The Walk, which uses game mechanics such as the acquisition of badges and and interactive story, in a (failed) attempt to get me to take more walking exercise.

It’s about time I addressed the issue of Gamification. It’s a word that gets bandied about a great deal, and one which has inspiring proponents like Jane McGonigal. But what does it actually mean?

Nick Pelling lays claim (in this 2011 blog post) to coining the word in 2002 when he “began to wonder whether the kind of games user-interface I had been developing for so long could be used to turbo-charge all manner of transactions and activities on commercial electronic devices [his emphasis]– in-flight video, ATM machines, vending machines, mobile phones, etc.  Unsurprisingly, this was the point when I coined the deliberately ugly word “gamification“, by which I meant applying game-like accelerated user interface design to make electronic transactions both enjoyable and fast.” (I’m glad he calls it “deliberately ugly” – I was ready to rant on about it being a linguistically unnecessary Americanism when I first heard it. I’m over that now). Of passing interest is his 2003 consultancy web page (looking VERY Web 1.0) which announces gamification to the world. That consultancy shut up shop three years later because, broadly, no-one was interested.

Its interesting to note that what he was interested in doing was bringing game-like interfaces to electronic devices. Which, though I’m not sure he would agree, is not what gamification has come to mean. Towards the end of his post, he insists that “the underlying idea of gamification [is] making hard things easy, expressive, near-effortless to use.” Games (and computer games in particular, since this is what Pelling is talking about) may offer interfaces that are apparently easy to pick up and start playing, but they are (mostly) designed to get more difficult, that is part of the challenge of games, the challenge that contributes to (successful) games becoming intrinsically motivating.
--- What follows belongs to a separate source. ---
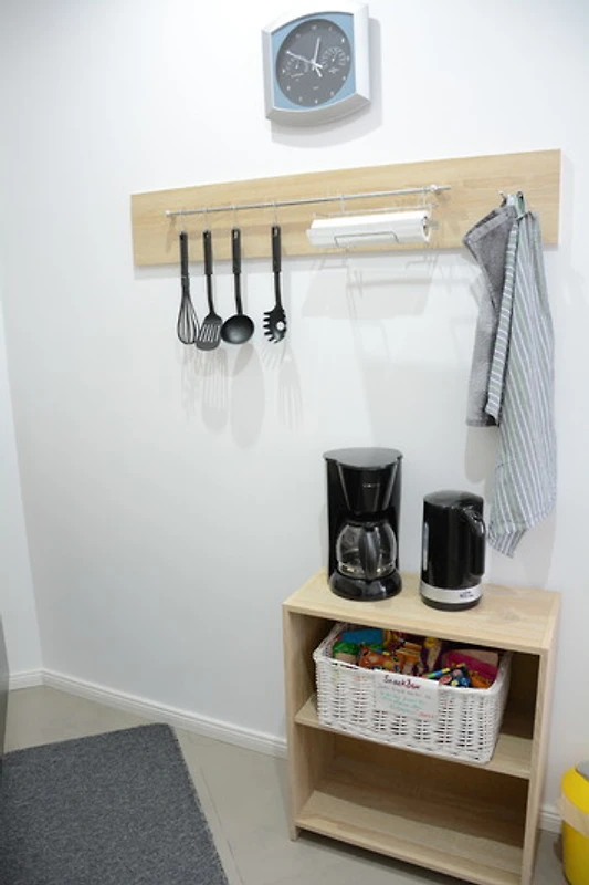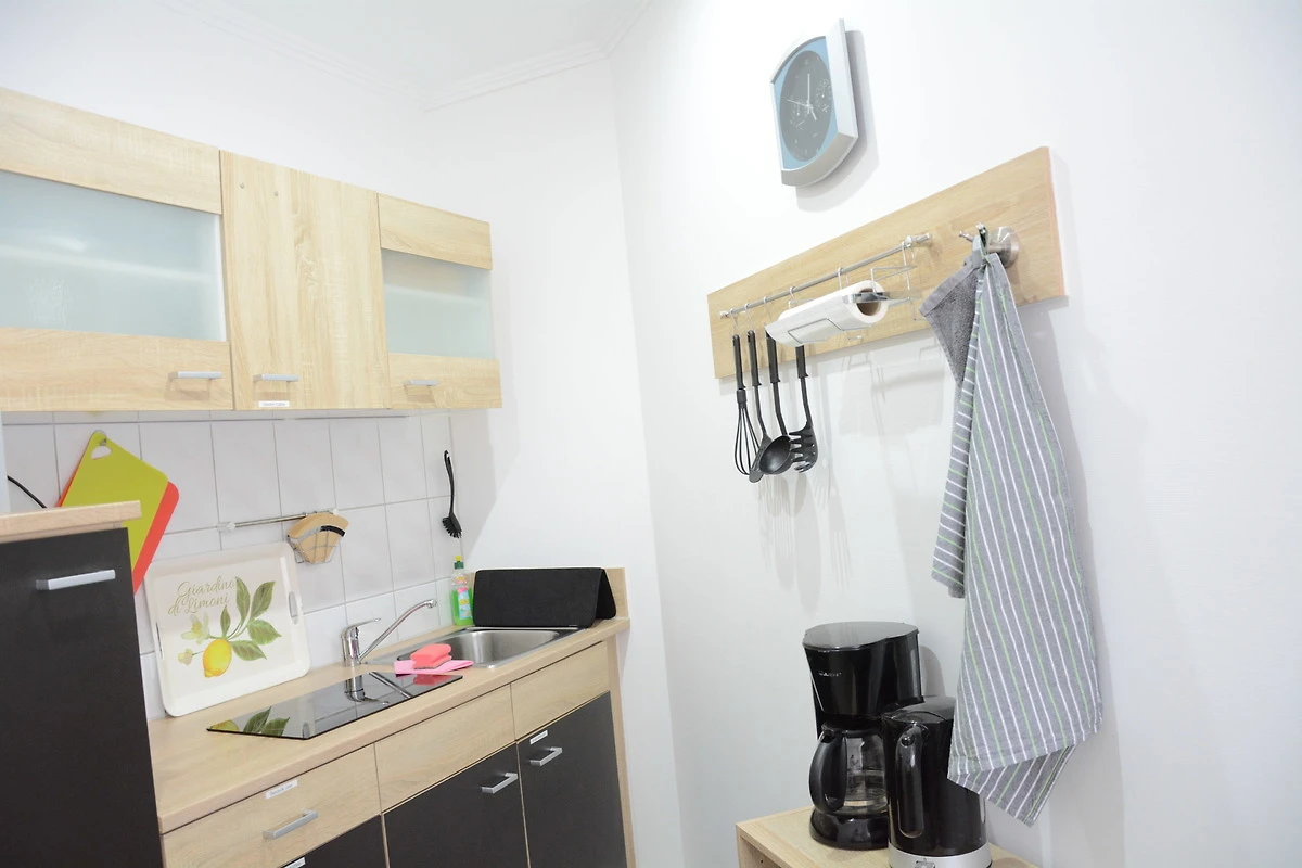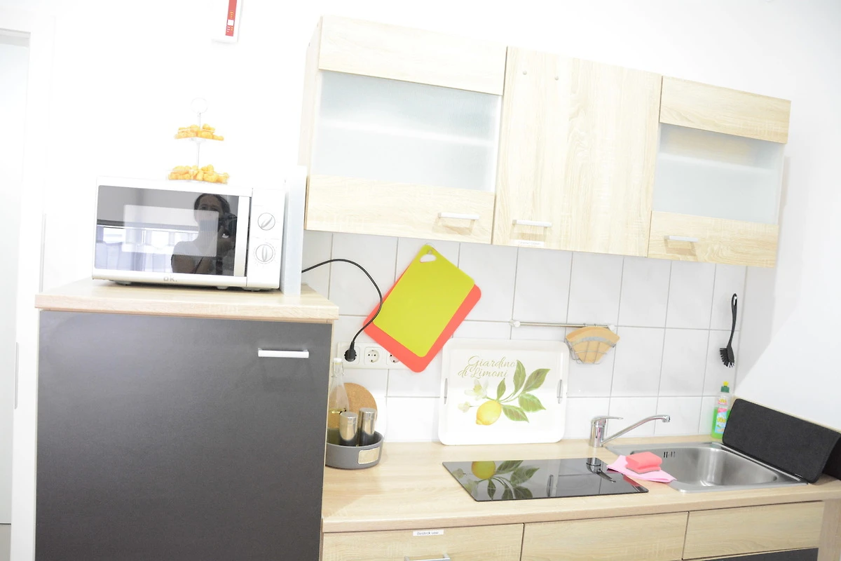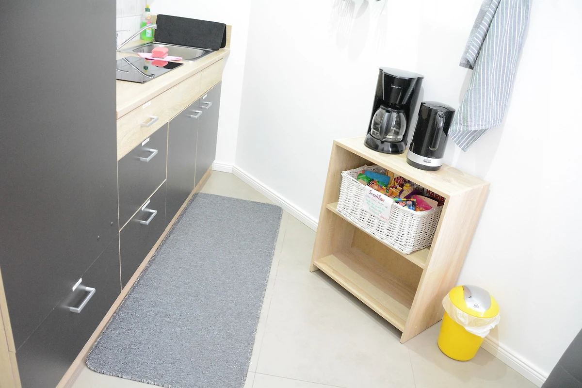 *Frühstückscenter (Mikrowelle, Kaffeemaschine, Wasserkocher und Toaster, Ceranfeld 2 Platten ohne Backofen) ausreichend Geschirr

And its motivation that is at the centre of the current use of the word. In their 2014 literature review Hamari, Koivisto and Sarsa say “gamification can be seen to have three main parts: 1) the implemented motivational affordances, 2) the resulting psychological outcomes, and 3) the further behavioral outcomes.” Their review covers 24 studies of gamification, and categorizes all the “motivational affordances” mentioned in those studies: Points; Leaderboards; Achievements/Badges; Levels; Story/Theme; Clear goals; Feedback; Rewards; Progress; and, Challenge.

These resonate with (but do not match) some of the emotional models I’ve been reading about elsewhere. Of course Points, Leaderboards, Achievements/Badges, Levels and Rewards can all be summed up with the Acquisition trigger that Sylvester mentions. Challenge exists in both models. Story and Progress fit with Sylvester’s character arc, and Theme (arguably) with his environment trigger. I’m a bit curious about “Feedback”, because, surely everything a system does in response to the user is “feedback” isn’t it?

Anyway, the Hamari et al’s thesis is that badges, a story etc (motivational affordances), should have psychological outcomes (engagement, enjoyment and yup, yer actual motivation) that change the user’s behavior, encouraging them to, for example, take more walking exercise (behavioral outcomes). Their meta-analysis of these 24 studies indicates that “gamification does produce positive effects and benefits.” But “some studies showed that the results of gamification may not be long-term, but instead could be caused due to a novelty effect.” The authors also point out that “As previous works on player motivations suggest, people in fact interact with game-like systems in different manners, and for different reasons. Thus, the experiences created by the gamifying motivational affordances are also likely to vary.”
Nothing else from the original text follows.